Leasing equipment as a financing option afforded Cherokee Carpets the ability to leverage their capital, increase cash flow and maintain more funds for business expenditures. A customized program was structured and used to meet Cherokee Carpet's financial and equipment needs.

Case Study: East Texas Copy Systems (ETCS)

Company Background:
East Texas Copy Systems (ETCS) of Tyler, Texas is an authorized Canon Dealer of digital networked office equipment. With 15 employees, ETCS services large quantity accounts, such as hospitals, school districts, city and county governments and major industries.

One of ETCS' largest customers, a non-profit health system, was looking to take advantage of leasing equipment as a means to minimize cash outlay and acquire 400 copiers and facsimile machines, as well as to structure a deal that would satisfy the health systems' billing needs. At present, ETCS leases $500,000 annually in equipment to this customer.

What was the Need?
ETCS recognized that having the hospital lease copiers would offer more flexible leasing terms, reduce its costs in procuring the equipment and enable the company to pay for the equipment as it is being used. Thus, lending to the efficiency and productivity of the business.

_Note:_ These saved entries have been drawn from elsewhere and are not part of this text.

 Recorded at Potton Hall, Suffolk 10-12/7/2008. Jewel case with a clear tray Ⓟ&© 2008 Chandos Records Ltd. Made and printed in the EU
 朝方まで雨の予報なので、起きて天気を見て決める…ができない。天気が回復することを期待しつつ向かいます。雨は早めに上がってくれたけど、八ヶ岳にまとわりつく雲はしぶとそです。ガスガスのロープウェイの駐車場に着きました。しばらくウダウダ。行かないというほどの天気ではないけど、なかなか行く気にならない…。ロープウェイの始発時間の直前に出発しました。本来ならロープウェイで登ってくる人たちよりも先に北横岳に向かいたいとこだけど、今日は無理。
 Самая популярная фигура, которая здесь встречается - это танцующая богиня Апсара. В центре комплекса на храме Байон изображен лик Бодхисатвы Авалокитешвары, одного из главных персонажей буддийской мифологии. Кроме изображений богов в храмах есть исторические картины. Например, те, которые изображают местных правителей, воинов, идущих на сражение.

ETCS needed a flexible, all-cost included leasing program in order to meet its customer's requirements. When considering financing options, the health system also looked at acquiring the copiers using a bank line of credit; however, leasing the equipment proved to be a more flexible and process efficient solution.

What were the Terms of the Lease:
The challenge of meeting the customer's billing needs was to integrate an aggregate cost-per-copy billing cycle with individual cost center reporting. The lease was structured to meet the billing needs defined by the health system. Each copier was billed with individual reporting to its own cost center. Aggregate pricing was based on lease volume within a 60-day period; thus, lowering the lease price as the hospital continued to order copiers.

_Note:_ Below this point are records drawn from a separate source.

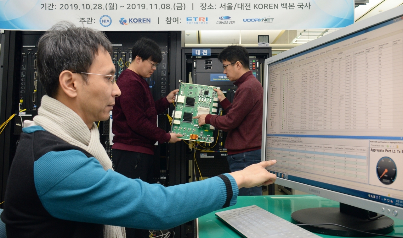 ETRI는 한국정보화진흥원(NIA)과 함께 지난 10월 말부터 2주 동안 대전-서울 간 왕복 430km에서 광전송 시스템을 연결하는 노드 간 기가(Gbps)급 데이터 전송 시연에 성공했다.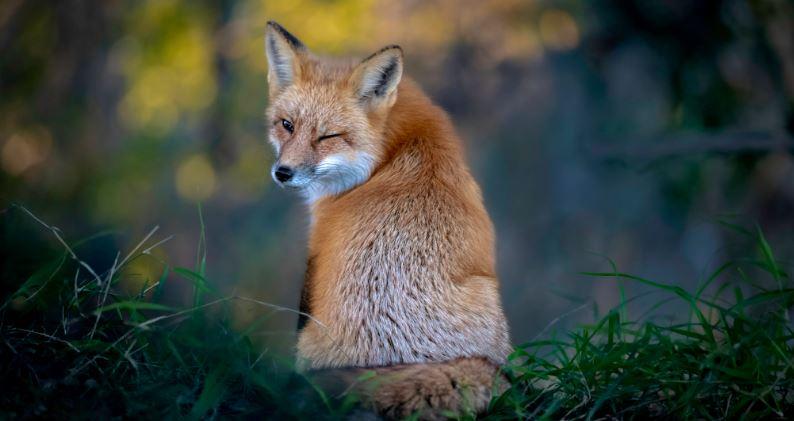 “An American Red Fox casually walked up to the edge of the woods and sat down, then turned around and gave a wink. Moments later, this sly fox disappeared into the trees.”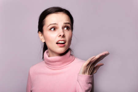 Young female feeling excited and shocked with great commercial offer, pointing to right side of photo, isolated on gray background. The girl points to the right to the advertising space.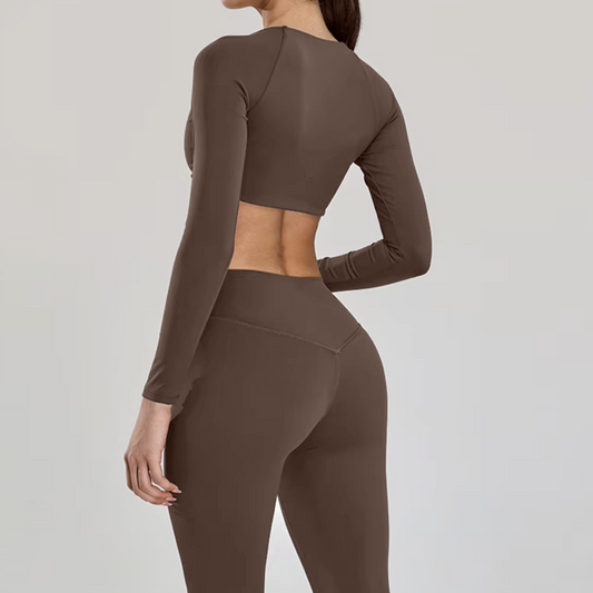 Silky top crop long sleeve earth

Leasing's flexible invoicing accommodated the hospital's payment terms, thus avoiding administrative delinquency, which had been a problem with the hospital's previous financing source.

The flexible lease that ETCS developed afforded the hospital the ability to lease six to 10 copiers per month; thus, reducing monthly capital outlay while affording the hospital the equipment needed to supply their growing demand for copiers. This arrangement allowed ETCS to win the hospital's business and steadily increase its volume leased based on equipment demand.

Leasing their copiers afforded the health system the ability to both leverage their capital, in addition to, protecting themselves from technical obsolescence.

Customer Quote:
"[They] structured the billing cycle to the individual cost centers, making it more convenient for the hospital's different invoicing needs," said Greg Walker, ETCS President. "Not all financing sources would be as flexible or accommodating. In this industry there are several, national faceless equipment dealers and leasing companies who have the "me too" attitude. [They] really proved to be extremely customer service- oriented, just as we like to be at ETCS."